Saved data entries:

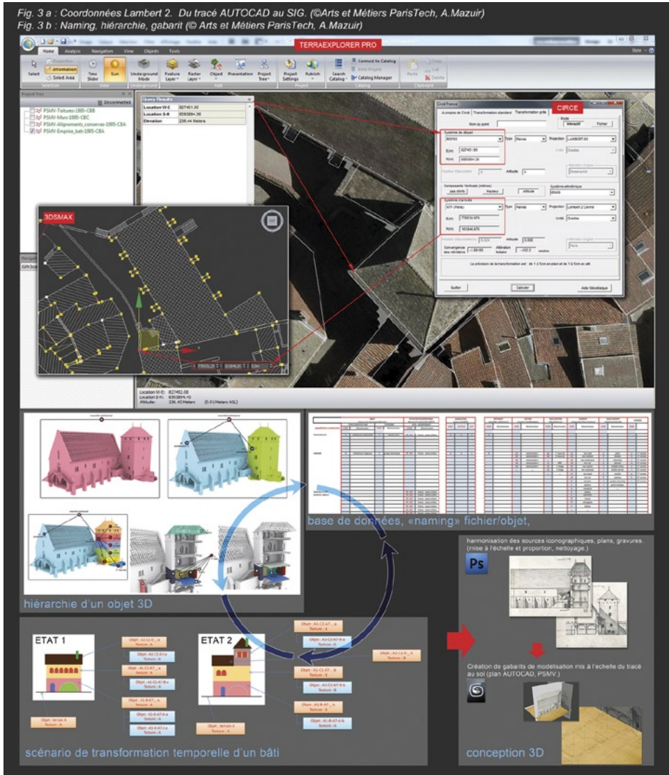
Fig. 3 – a. Coordonnées Lambert 2. Du tracé AutoCAD au SIG (Arts et Métiers ParisTech, A. Mazuir); b. Naming, hiérarchie, gabarit (Arts et Métiers ParisTech, A. Mazuir).

qui sont mises aux proportions dans le logiciel Photoshop. Dans 3ds Max le tracé de la zone de travail est dupliqué et ramené en coordonnées 0-0-0 pour corriger les problèmes de précision dans les manipulations, ou opérations d'édition des objets. À l'aide de prises de mesures sur site, complétées par des
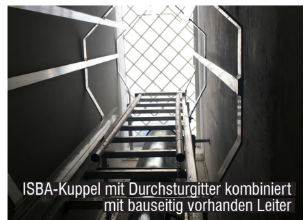
ISBA-Kuppel mit Durchsturgitter kombiniert mit bauseitig vorhanden Leiter
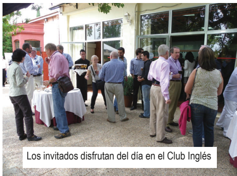
Los invitados disfrutaron del día en el Club Inglés

Tras su visita a las instalaciones de EMED y al Museo Minero, el grupo de 50 representantes de las instituciones financieras multi-millonarias que conforman Resources Capital Fund, asistieron al evento organizado en el Club Inglés Bellavista, donde tuvieron la oportunidad de conversar con los directivos de EMED Tartessus y representantes de la sociedad local y otros actores importantes, incluyendo la Embajadora de Australia en España, alcaldes de la Cuenca Minera, representantes de la industria minera andaluza, de los empresarios y los sindicatos. La cultura estuvo presente, ya que se presentó a los accionistas el programa de Alianza Cultural con Broken Hill y Banská Štiavnica, por parte de su promotor en Australia, Robin Sellick. Se preparó una exposición de arte de las tres localidades, que fue todo un éxito ya que los artistas vendieron varias obras como muestra de que la cultura puede ser un motor para el desarrollo local y el turismo sostenible.
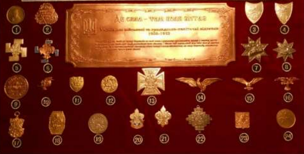
Відзнаки українських товариств «Сокіл», «Січ», «Пласт»
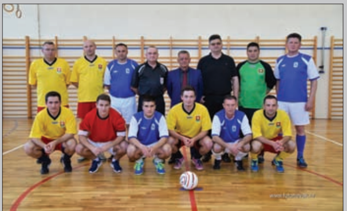
Nogometni susret Općine Martijanec sa Općinom Sveti Đurđ
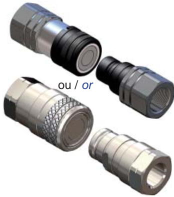
Coupleurs mâle/femelle FF, MLFF, FFCUP ou MLDB FF, MLFF, FFCUP or MLDB plug/socket set
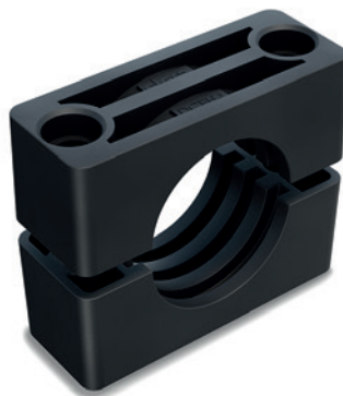
Correspondencias entre el grupo DIN 3015-2 y el grupo DCE-H.
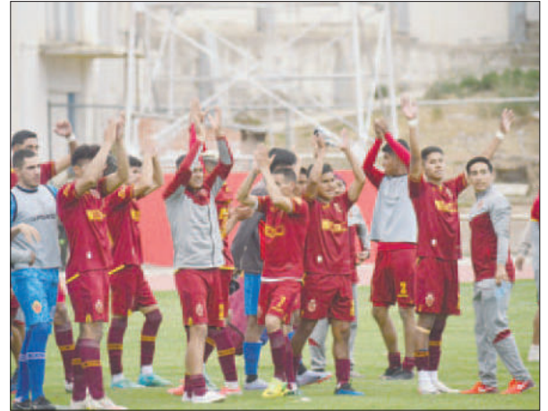
El abandono de Royal Pari le da la posibilidad a CDT Real Oruro subir a la División Profesional

para el 13 de enero, encuentro donde se debe dar la bienvenida a los nuevos clubes que forman parte de la División Profesional, en este caso ABB de La Paz y CDT Real Oruro, además de conocer cuál será la modalidad de campeonato que se tendrá en esta gestión y cómo se encarará el tema de los derechos televisivos.
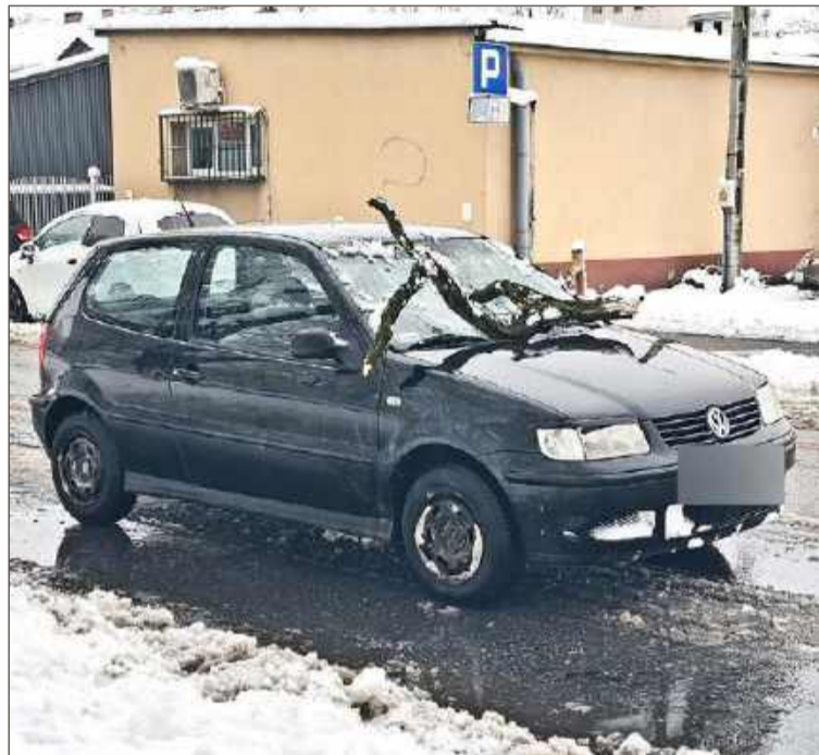
W Dębicy gałąź spadła na samochód, uszkodzony został kierowca.

Ten tydzień nie będzie rozpieszczał pogodą, synoptycy przewidują

> **TRY IT**:
Please copy the data above exactly; the pictures do not belong in the copy.

> **RESULT OF THIS TASK**:
Fig. 3 – a. Coordonnées Lambert 2. Du tracé AutoCAD au SIG (Arts et Métiers ParisTech, A. Mazuir); b. Naming, hiérarchie, gabarit (Arts et Métiers ParisTech, A. Mazuir).

qui sont mises aux proportions dans le logiciel Photoshop. Dans 3ds Max le tracé de la zone de travail est dupliqué et ramené en coordonnées 0-0-0 pour corriger les problèmes de précision dans les manipulations, ou opérations d'édition des objets. À l'aide de prises de mesures sur site, complétées par des
ISBA-Kuppel mit Durchsturgitter kombiniert mit bauseitig vorhanden Leiter
Los invitados disfrutaron del día en el Club Inglés

Tras su visita a las instalaciones de EMED y al Museo Minero, el grupo de 50 representantes de las instituciones financieras multi-millonarias que conforman Resources Capital Fund, asistieron al evento organizado en el Club Inglés Bellavista, donde tuvieron la oportunidad de conversar con los directivos de EMED Tartessus y representantes de la sociedad local y otros actores importantes, incluyendo la Embajadora de Australia en España, alcaldes de la Cuenca Minera, representantes de la industria minera andaluza, de los empresarios y los sindicatos. La cultura estuvo presente, ya que se presentó a los accionistas el programa de Alianza Cultural con Broken Hill y Banská Štiavnica, por parte de su promotor en Australia, Robin Sellick. Se preparó una exposición de arte de las tres localidades, que fue todo un éxito ya que los artistas vendieron varias obras como muestra de que la cultura puede ser un motor para el desarrollo local y el turismo sostenible.
Відзнаки українських товариств «Сокіл», «Січ», «Пласт»
Nogometni susret Općine Martijanec sa Općinom Sveti Đurđ
Coupleurs mâle/femelle FF, MLFF, FFCUP ou MLDB FF, MLFF, FFCUP or MLDB plug/socket set
Correspondencias entre el grupo DIN 3015-2 y el grupo DCE-H.
El abandono de Royal Pari le da la posibilidad a CDT Real Oruro subir a la División Profesional

para el 13 de enero, encuentro donde se debe dar la bienvenida a los nuevos clubes que forman parte de la División Profesional, en este caso ABB de La Paz y CDT Real Oruro, además de conocer cuál será la modalidad de campeonato que se tendrá en esta gestión y cómo se encarará el tema de los derechos televisivos.
W Dębicy gałąź spadła na samochód, uszkodzony został kierowca.

Ten tydzień nie będzie rozpieszczał pogodą, synoptycy przewidują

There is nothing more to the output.